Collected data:
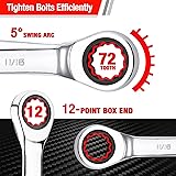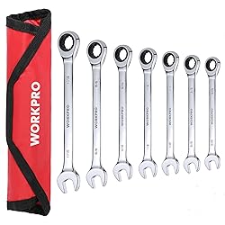 Sturdy and Reliable: This gear ratcheting wrench is forged from high-quality chrome vanadium steel; The wrench hardness up to HRC 50 makes the wrench able to bear more force; The surface is polished and chrome plated and has excellent rust and corrosion resistance Efficient Wrench: The combination wrench has a 12-point box end; To prevent round-off, it contacts and applies force to the flat sides of fastener heads rather than the corners; And combo ratchet wrenches have 72 teeth ratchet, realize 5 degrees swing to help tighten bolts efficiently, and are conveniently suitable for tight spaces 7 Pieces in Standard Size: 7 pieces of standard ratchet wrench sets include 5/16", 3/8", 7/16", 1/2", 9/16", 5/8" and 11/16" combination wrenches, which meet most of your needs; And each wrench has clear dimensioning for quickly identifying the size you need Easy Carry: The ratchet wrench set comes with a premium rolling bag, and each wrench storage bag is marked with the corresponding wrench size to keep all wrenches organized for easy carry and storage Comprehensive Application Scenarios: WORKPRO combination wrench sets have a wide range of application scenarios, including motorcycle repair, auto repair, home projects, bicycle repair, machinery repairs, garage engineering, and so on
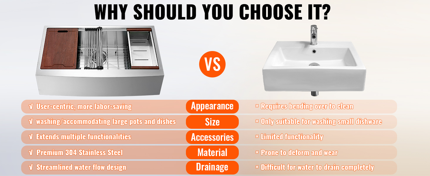 Tämä käytännöllinen ja tyylikäs monitoiminen maalaistyylinen keittiöallas lisää keittiösi esteettisyyttä ja tekee tiskaamisesta ja ruoanvalmistelusta sujuvampaa. Altaan reunoille sijoitettu taso mahdollistaa lisätarvikkeiden käytön suoraan altaan päällä, mikä säästää työtasotilaa.
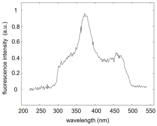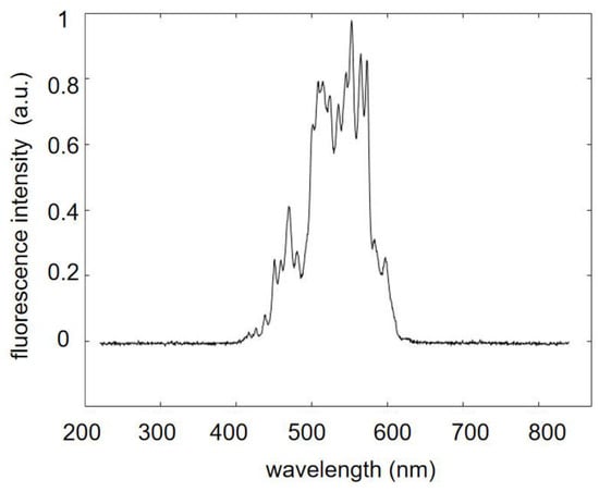 Due to the complex energy level structure of Tm ions, Tm ions are very easy to up-convert the infrared pump light into blue and ultraviolet light [,]. The blue light was observed in Tm-doped fiber pumped by laser sources ranging from 1.06 to 1.14 µm [,,,,], which is the 1G4–3H6 transition of Tm ions produced by three-photon absorption. Through avalanche upconversion and ETU, pumping with the wavelength of 790 nm can also produce blue light in Tm-doped fiber []. This conclusion is also confirmed in our experiment, which shows the spectrum of Tm-doped fiber pumped by laser at 793 nm in Figure 1. It is known that Tm ions with 1G4 level exhibit a strong absorption band at approximately 488 nm and Tm ions at 1G4 level can be excited to 1I6–3P0 levels by excited-state absorption (ESA), so as to upconvert 488 nm radiation to ultraviolet source [].
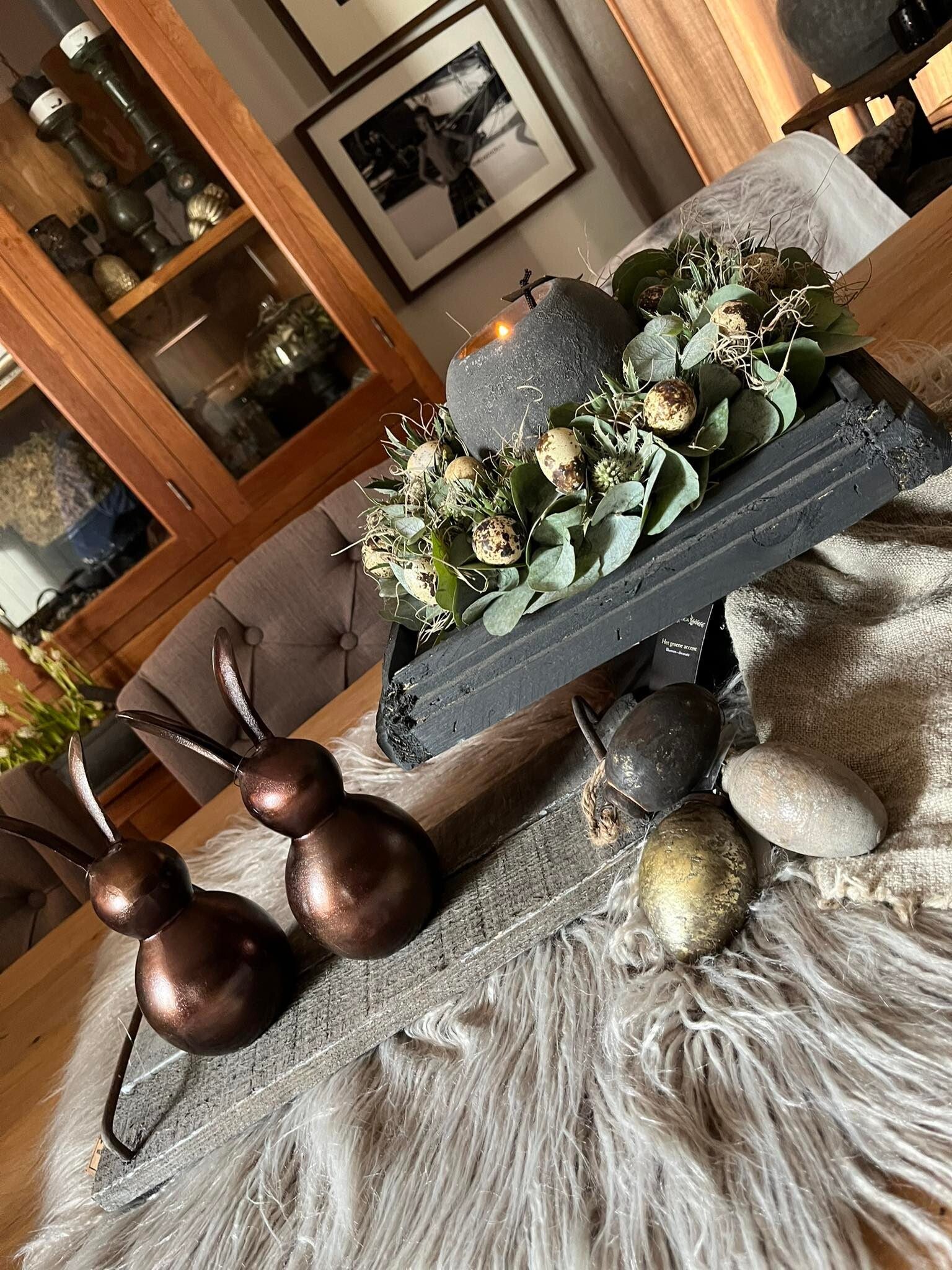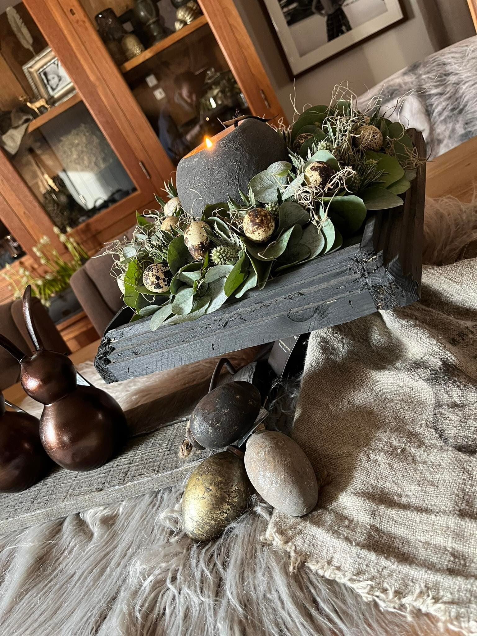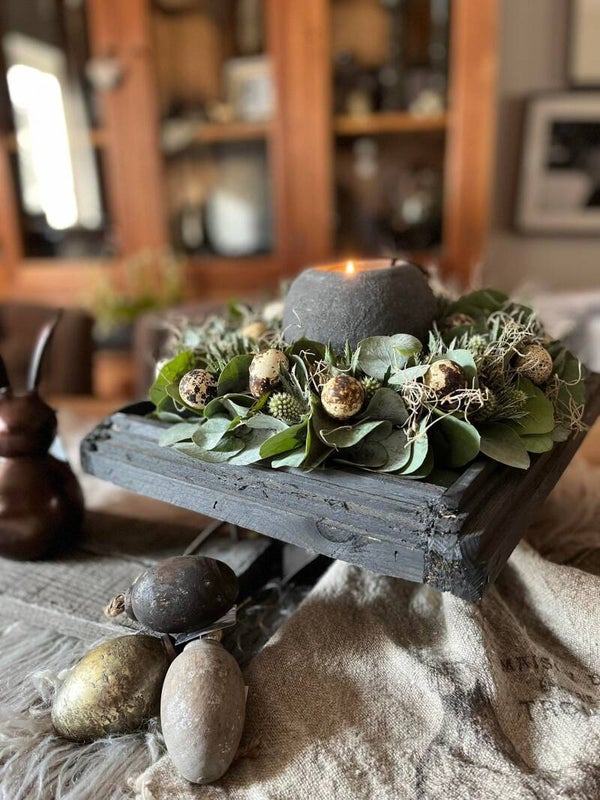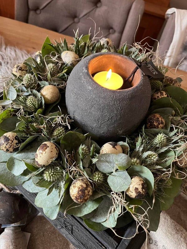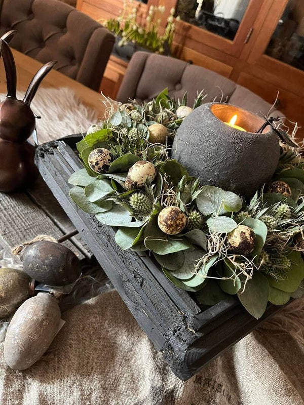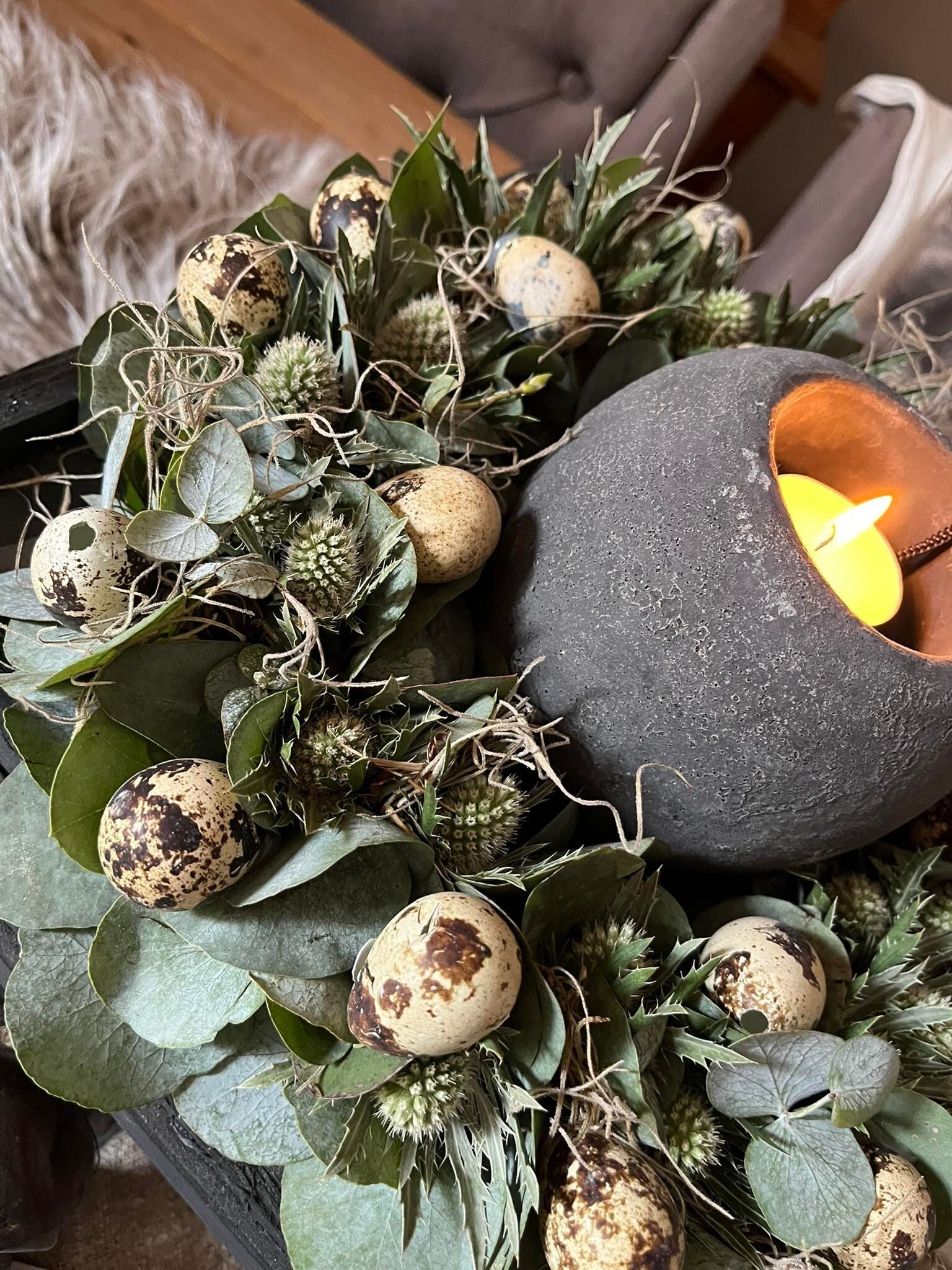 Mooie krans met eucalyptus, witte disteltjes en kwarteleitjes.
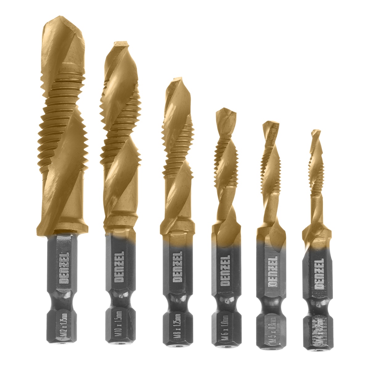 Наличие клапана для сброса давления Набор сверл-метчиков, М4-М12, Р6М5 // Denzel
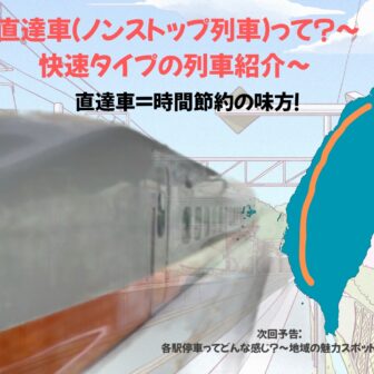 台灣高鐵には3種類の列車タイプがあります。その中で一番早いのが「直達車(zhí dá chē)=ノンストップ列車」です。直達車は主要な駅だけ止まります。例えば…
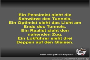 | Ein Pessimist sieht die Schwärze des Tunnels Bild (38.58 KB) 7Lustiges → klasse Sprüche und Witze | Lustiges → klasse Sprüche und Witze | 14.09.22-10:30 | Fossy | |
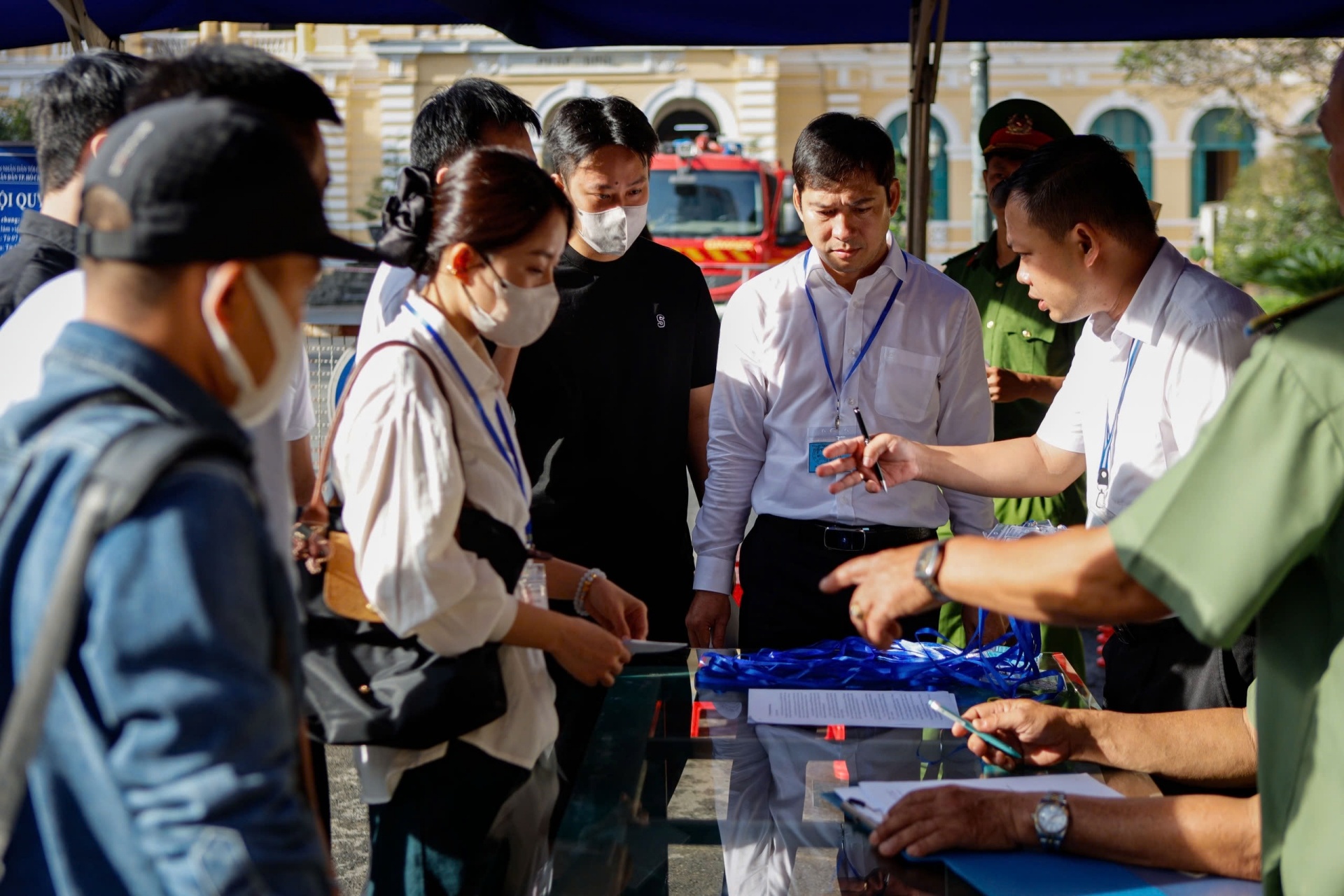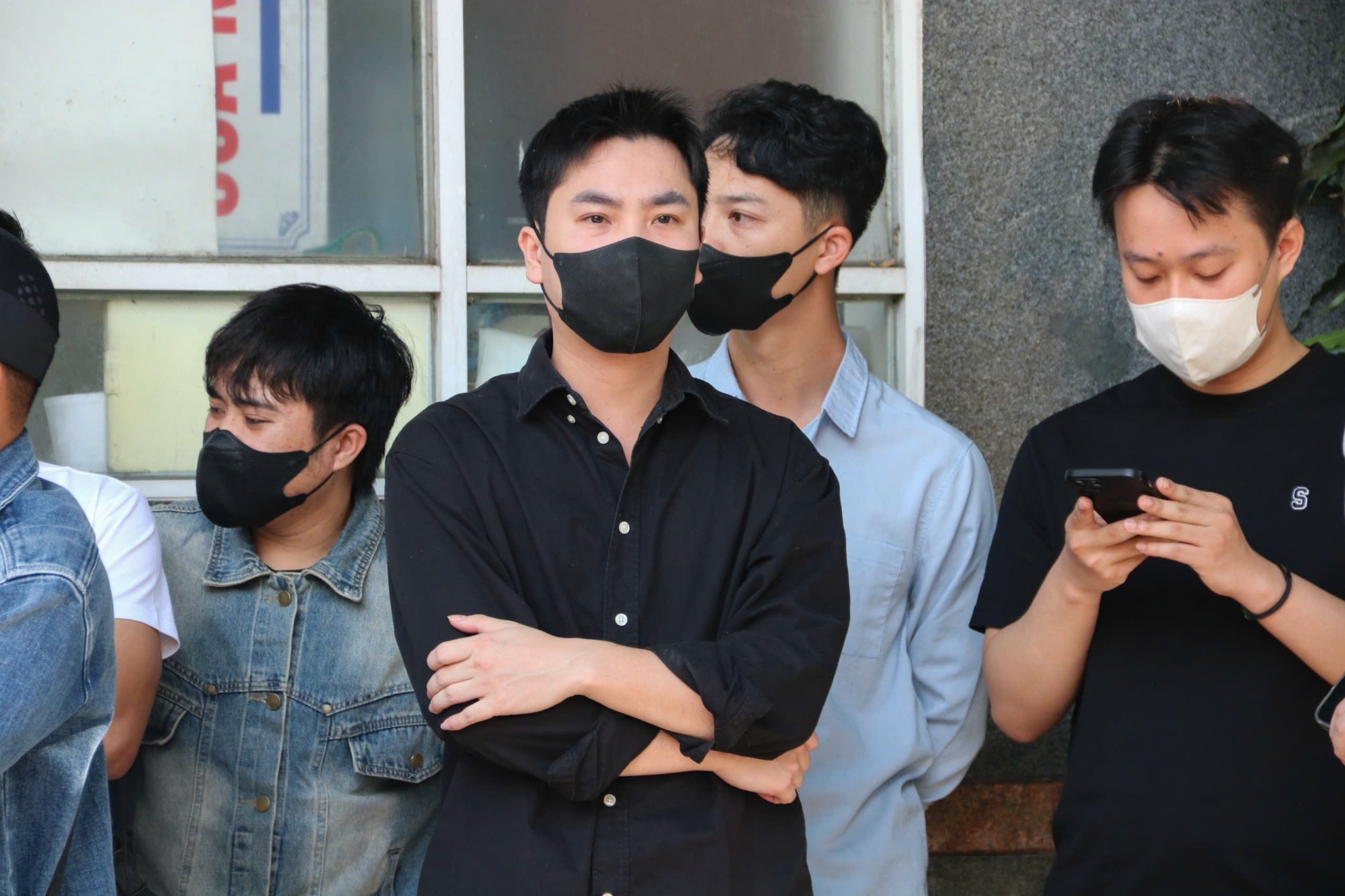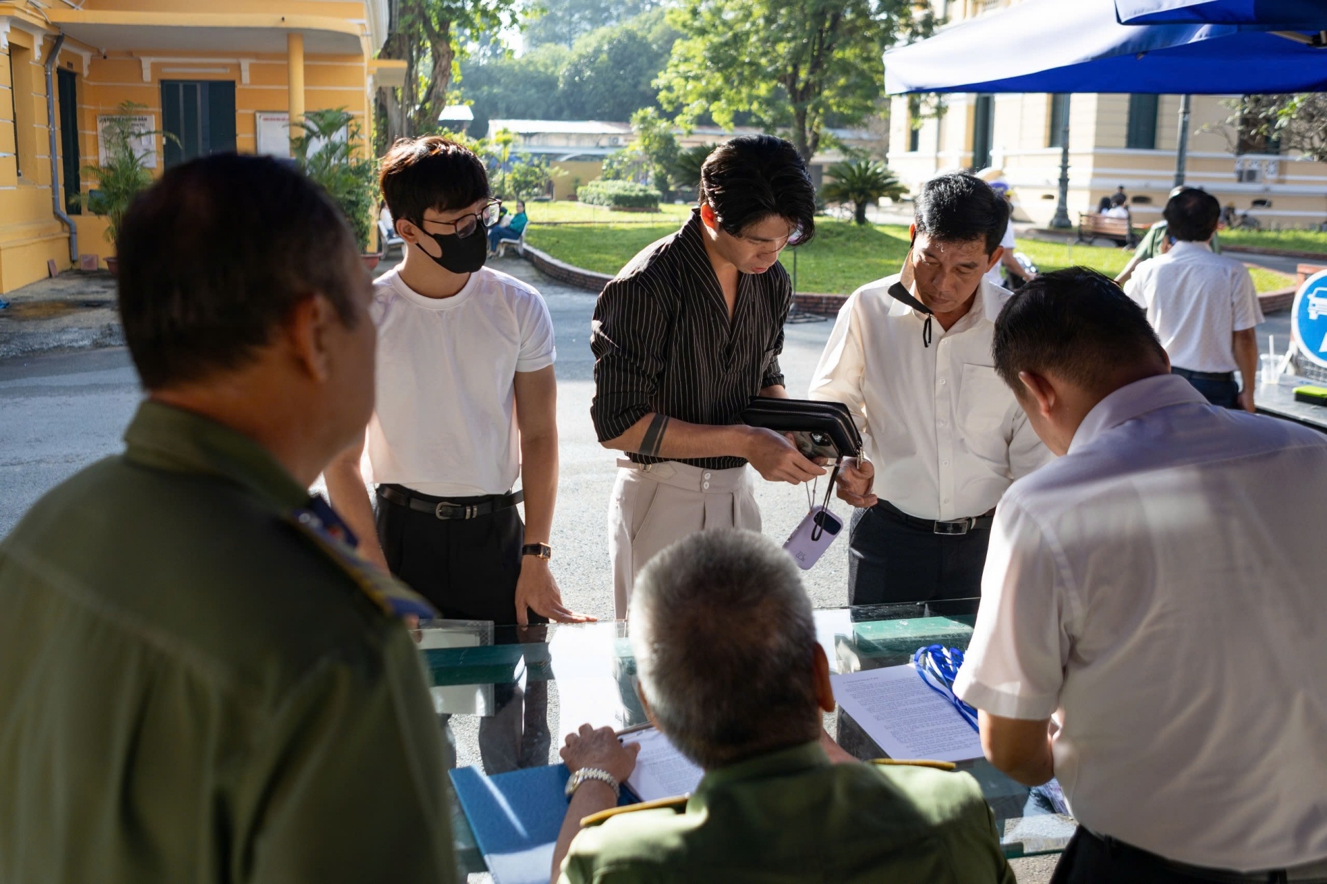 Trong đó, em trai (áo trắng đeo kính) và bố (áo sơ mi trắng ngoài cùng bên phải) Hằng Du Mục xuất hiện lúc 7h30, xuất trình giấy tờ với cơ quan chức năng để vào tham dự phiên tòa. Ảnh: Khương Nguyễn.
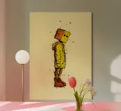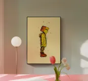 Un personaggio giocoso con la testa di cartone, che combina colori vivaci e linee decise. Quest'opera d'arte mescola umorismo e curiosità, invitando lo spettatore a interpretare la propria storia dietro la figura.
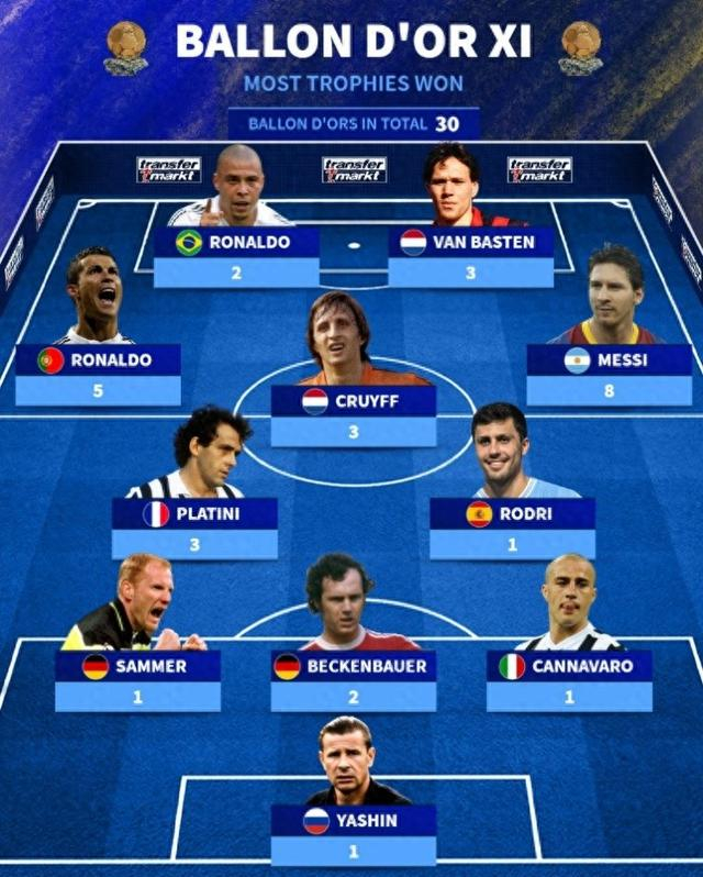 前锋:C罗(5次)、罗纳尔多(2次)、范巴斯滕(3次)、梅西(8次)
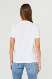 Tricou pentru femei din bumbac R LOGO CRYSTAL de la JUST CAVALLI, cu un logo mare creat cu pietre prețioase. Fabricat din bumbac 100% de înaltă calitate, acesta asigură nu numai confort la purtare, ci și durabilitate.

### Task directions
Leave out every picture, and write out exactly the lines from the one with "前锋:C罗(5次)、罗纳尔多(2次)、范巴斯滕(3次)、梅西(8次)" through the end of the records above, both ends included.

### Completed exercise
 前锋:C罗(5次)、罗纳尔多(2次)、范巴斯滕(3次)、梅西(8次)
 Tricou pentru femei din bumbac R LOGO CRYSTAL de la JUST CAVALLI, cu un logo mare creat cu pietre prețioase. Fabricat din bumbac 100% de înaltă calitate, acesta asigură nu numai confort la purtare, ci și durabilitate.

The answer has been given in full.